**Work to be completed**
Every record below is to be restated word for word, and no picture is to be copied.

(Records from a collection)
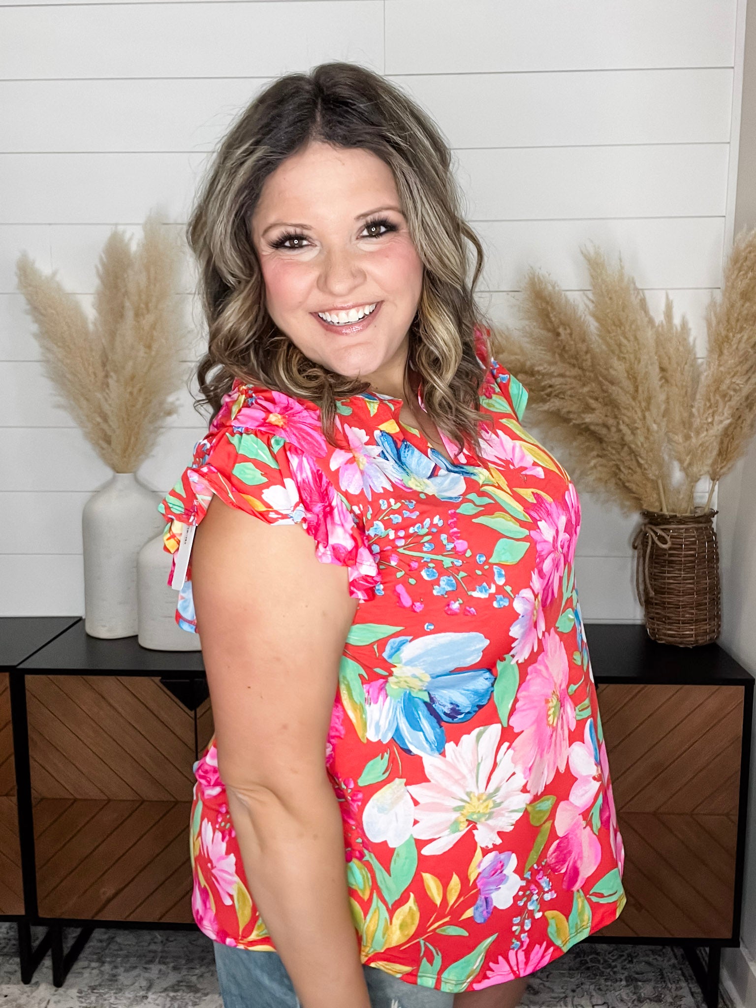 This "Irondale" Flutter Sleeve Split Neck blouse by dear scarlett features a bright red base with vibrant large florals, adding a touch of color to your wardrobe. The flutter sleeves provide a feminine touch, while the slinky stretch fabric ensures comfort and a wrinkle-free look. True to size and from the trusted dear scarlett brand, this blouse is a must-have for any fashion-forward individual.
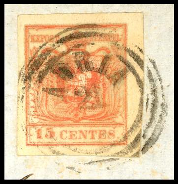 1856 - 20 cent. rosso vermiglio, III tipo, carta a macchina, stampa oleosa, dovuta probabilmente alla gommatura del foglio quando l'inchiostro di stampa non era ancora asciutto (20), perfetto, su lettera da Adria 21/12/1856 a Venezia. Varietà molto rara, per specialista. Dettagliato cert. A.Diena.
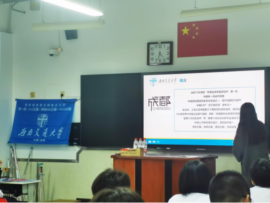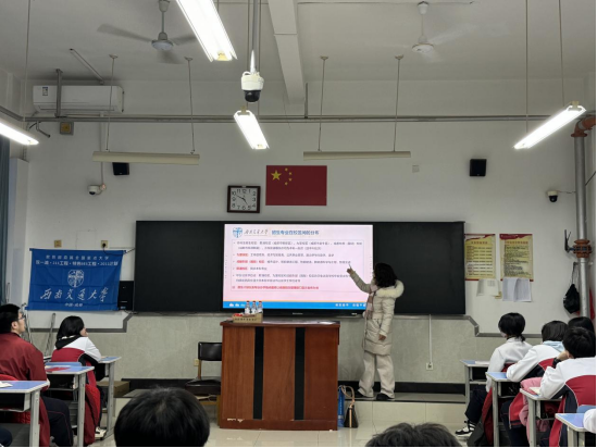 开幕式完毕,付老师和朱老师前往高三22班进行宣讲。朱老师首先以生动风趣的语言介绍了我校的百年办学历史、深厚文化底蕴和卓越的学术成就,着重阐述了我校在学科建设、师资力量、人才培养模式、科研成果以及校园文化等方面的优势与特色。通过一个个鲜活的学科案例、一项项前沿的学术研究、一批批杰出的校友事迹,全方位展示了我校丰富多彩的学术生态和充满活力的学习氛围,让同学们对各学院的专业设置和发展前景有了清晰直观的认识。付老师详细介绍了我校今年的招生政策、招生计划以及录取规则,并鼓励同学们积极报考,加入西南交通大学这个温暖而充满活力的大家庭,在追求知识与梦想的道路上携手共进,书写属于自己的精彩篇章。
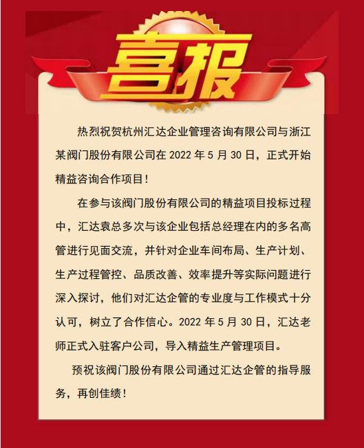 【喜報】匯達企管攜手浙江某閥門上市公司開啟精益咨詢項目
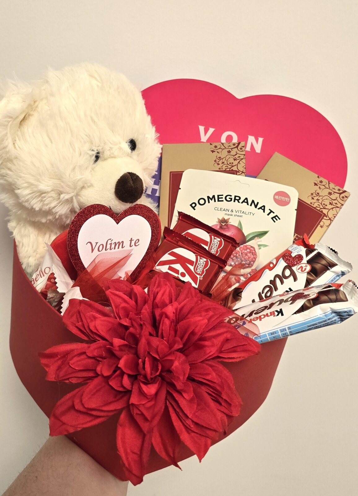 Odabir kutije u obliku srca s medvjedićem i slatkišima oduševit češ baš svaku osobu nježnijeg spola
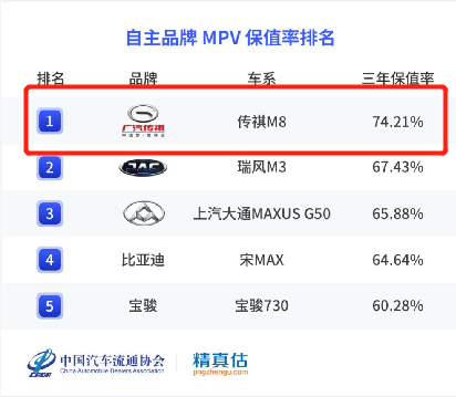 也正因为广汽传祺对于品控的坚持,在近期出炉的2021汽车之家保值率排行榜中,广汽M8高居中国品牌MPV排行第一,并且是唯一进入MPV总榜的国产豪华MPV。而在中国汽车流通协会和精真估联合发布的《2021年度中国汽车保值率报告》中,传祺M8以74%高保值率荣登自主品牌MPV榜单No1,与传祺GS8成为唯二保值率超70%的中国品牌。
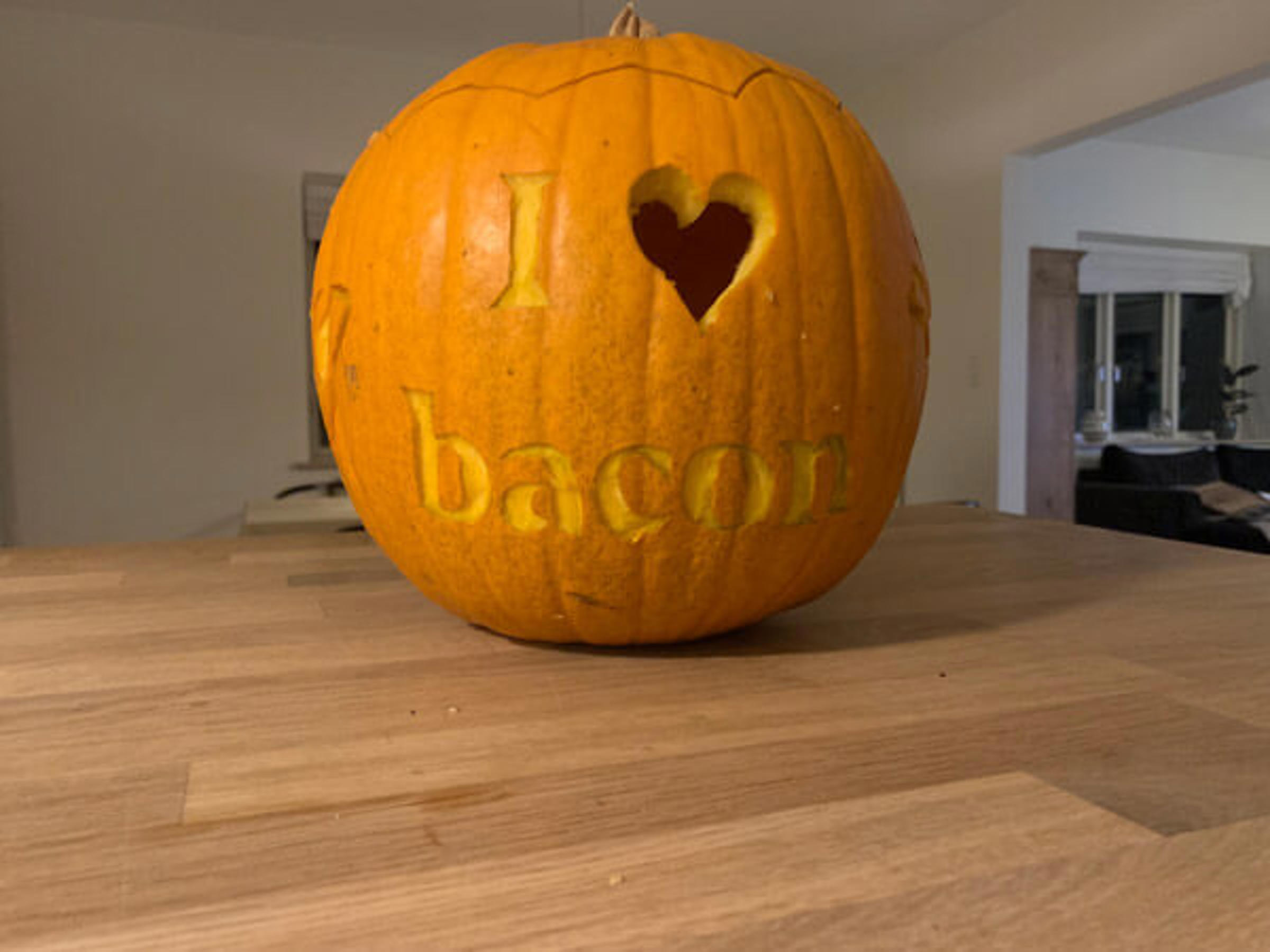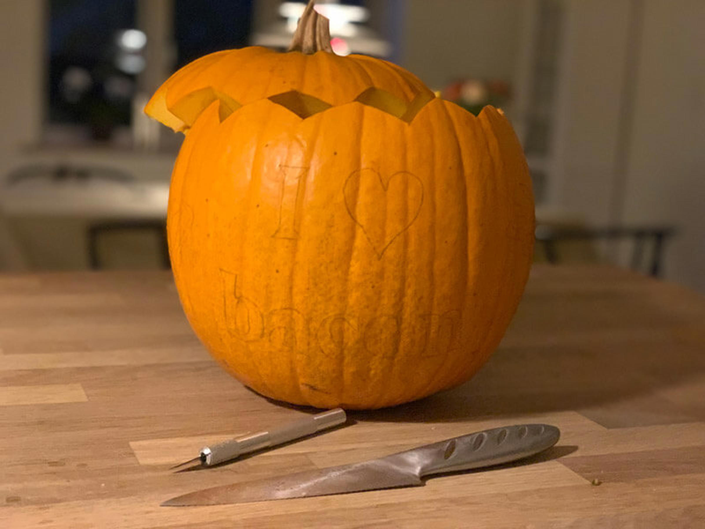 Kürbis schnitzen ist eine lustige Aktivität, für die ganze Familie. Es gibt viele Ideen den Kürbis zu gestalten, da Du viele verschiedene Arten von Schnitten machen kannst, zum Beispiel mit einem Text wie „Ich liebe Bacon“. Du kannst auch die beliebten Kürbisgesichter oder Kürbisköpfe schnitzen, die entweder gruselig oder süß aussehen können - es liegt ganz bei Dir.
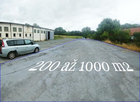 Pozemky jsou převážně rovinné, zhutnělé, s asfaltovým, štěrkovým či betonovým povrchem. Příjezd pro veškerou nákladní dopravu včetně TIR. Areál oplocen, příjezd nákladní bránou z hlavní komunikace, částečně osvětleno. K dispozici ing. sítě a to 220V, voda, kanalizace. Vhodné na parkování dopravní techniky (aktuálně), dále jako Stavební dvůr, sklady strojů a zařízení, Možno též. instalace and #34;plachtové / kovové haly and #34;, uložení kontejnerů a jiné venkovní sklady. U pozemku and #34;s travnatým povrchem and #34; lze provést zhutnění skrývky ( štěrk, recyklát, asfalt ) a instalace dočasných lehkých hal. Dohoda o započtení nákladů proti dlouhodobému Nájmu. Jednání o nájmu možno IHNED.
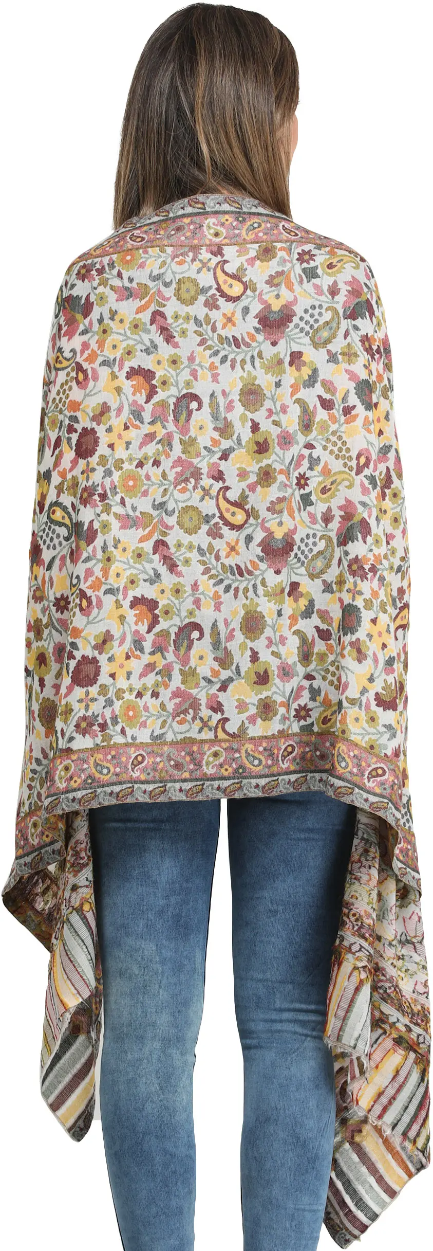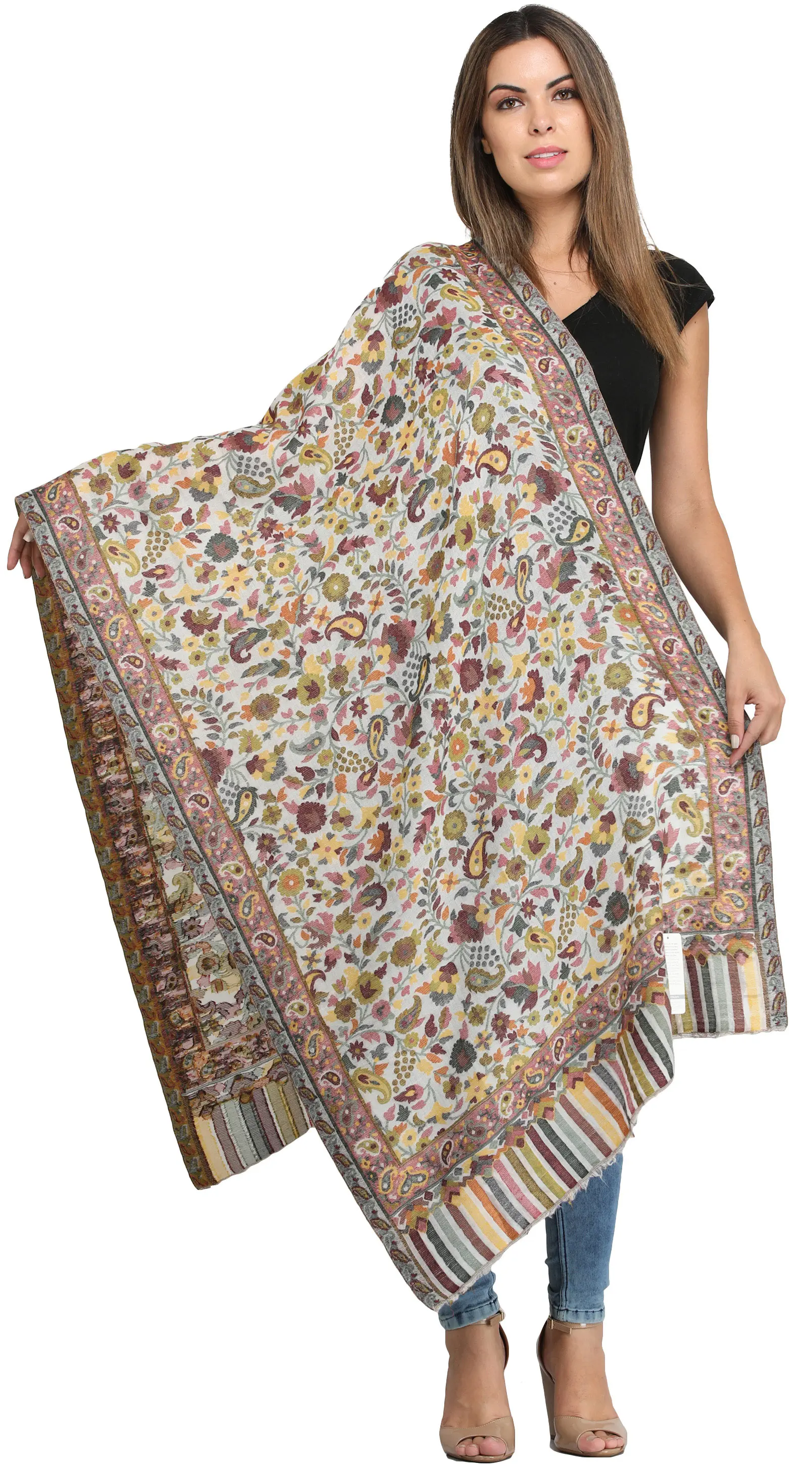 Diamond Weave Stole with Multicolor Kani Printed Flowers from Amritsar
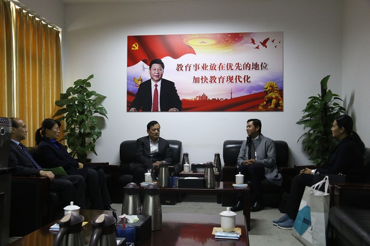 刘文锴校长向Hang Sandap先生一行来访表示热烈欢迎,对Hang Sandap先生为我校留学生招生工作所做的积努力和贡献表示感谢,希望双方在中国政府“一带一路”倡议得到柬埔寨政府积极响应的大背景下,致力于促进柬埔寨学生来华留学的快速发展,进一步拓宽柬方来华留学通道与模式,搭建起中柬两国民心相通的文化桥梁。

**Written answer**
 This "Irondale" Flutter Sleeve Split Neck blouse by dear scarlett features a bright red base with vibrant large florals, adding a touch of color to your wardrobe. The flutter sleeves provide a feminine touch, while the slinky stretch fabric ensures comfort and a wrinkle-free look. True to size and from the trusted dear scarlett brand, this blouse is a must-have for any fashion-forward individual.
 1856 - 20 cent. rosso vermiglio, III tipo, carta a macchina, stampa oleosa, dovuta probabilmente alla gommatura del foglio quando l'inchiostro di stampa non era ancora asciutto (20), perfetto, su lettera da Adria 21/12/1856 a Venezia. Varietà molto rara, per specialista. Dettagliato cert. A.Diena.
 开幕式完毕,付老师和朱老师前往高三22班进行宣讲。朱老师首先以生动风趣的语言介绍了我校的百年办学历史、深厚文化底蕴和卓越的学术成就,着重阐述了我校在学科建设、师资力量、人才培养模式、科研成果以及校园文化等方面的优势与特色。通过一个个鲜活的学科案例、一项项前沿的学术研究、一批批杰出的校友事迹,全方位展示了我校丰富多彩的学术生态和充满活力的学习氛围,让同学们对各学院的专业设置和发展前景有了清晰直观的认识。付老师详细介绍了我校今年的招生政策、招生计划以及录取规则,并鼓励同学们积极报考,加入西南交通大学这个温暖而充满活力的大家庭,在追求知识与梦想的道路上携手共进,书写属于自己的精彩篇章。
 【喜報】匯達企管攜手浙江某閥門上市公司開啟精益咨詢項目
 Odabir kutije u obliku srca s medvjedićem i slatkišima oduševit češ baš svaku osobu nježnijeg spola
 也正因为广汽传祺对于品控的坚持,在近期出炉的2021汽车之家保值率排行榜中,广汽M8高居中国品牌MPV排行第一,并且是唯一进入MPV总榜的国产豪华MPV。而在中国汽车流通协会和精真估联合发布的《2021年度中国汽车保值率报告》中,传祺M8以74%高保值率荣登自主品牌MPV榜单No1,与传祺GS8成为唯二保值率超70%的中国品牌。
 Kürbis schnitzen ist eine lustige Aktivität, für die ganze Familie. Es gibt viele Ideen den Kürbis zu gestalten, da Du viele verschiedene Arten von Schnitten machen kannst, zum Beispiel mit einem Text wie „Ich liebe Bacon“. Du kannst auch die beliebten Kürbisgesichter oder Kürbisköpfe schnitzen, die entweder gruselig oder süß aussehen können - es liegt ganz bei Dir.
 Pozemky jsou převážně rovinné, zhutnělé, s asfaltovým, štěrkovým či betonovým povrchem. Příjezd pro veškerou nákladní dopravu včetně TIR. Areál oplocen, příjezd nákladní bránou z hlavní komunikace, částečně osvětleno. K dispozici ing. sítě a to 220V, voda, kanalizace. Vhodné na parkování dopravní techniky (aktuálně), dále jako Stavební dvůr, sklady strojů a zařízení, Možno též. instalace and #34;plachtové / kovové haly and #34;, uložení kontejnerů a jiné venkovní sklady. U pozemku and #34;s travnatým povrchem and #34; lze provést zhutnění skrývky ( štěrk, recyklát, asfalt ) a instalace dočasných lehkých hal. Dohoda o započtení nákladů proti dlouhodobému Nájmu. Jednání o nájmu možno IHNED.
 Diamond Weave Stole with Multicolor Kani Printed Flowers from Amritsar
 刘文锴校长向Hang Sandap先生一行来访表示热烈欢迎,对Hang Sandap先生为我校留学生招生工作所做的积努力和贡献表示感谢,希望双方在中国政府“一带一路”倡议得到柬埔寨政府积极响应的大背景下,致力于促进柬埔寨学生来华留学的快速发展,进一步拓宽柬方来华留学通道与模式,搭建起中柬两国民心相通的文化桥梁。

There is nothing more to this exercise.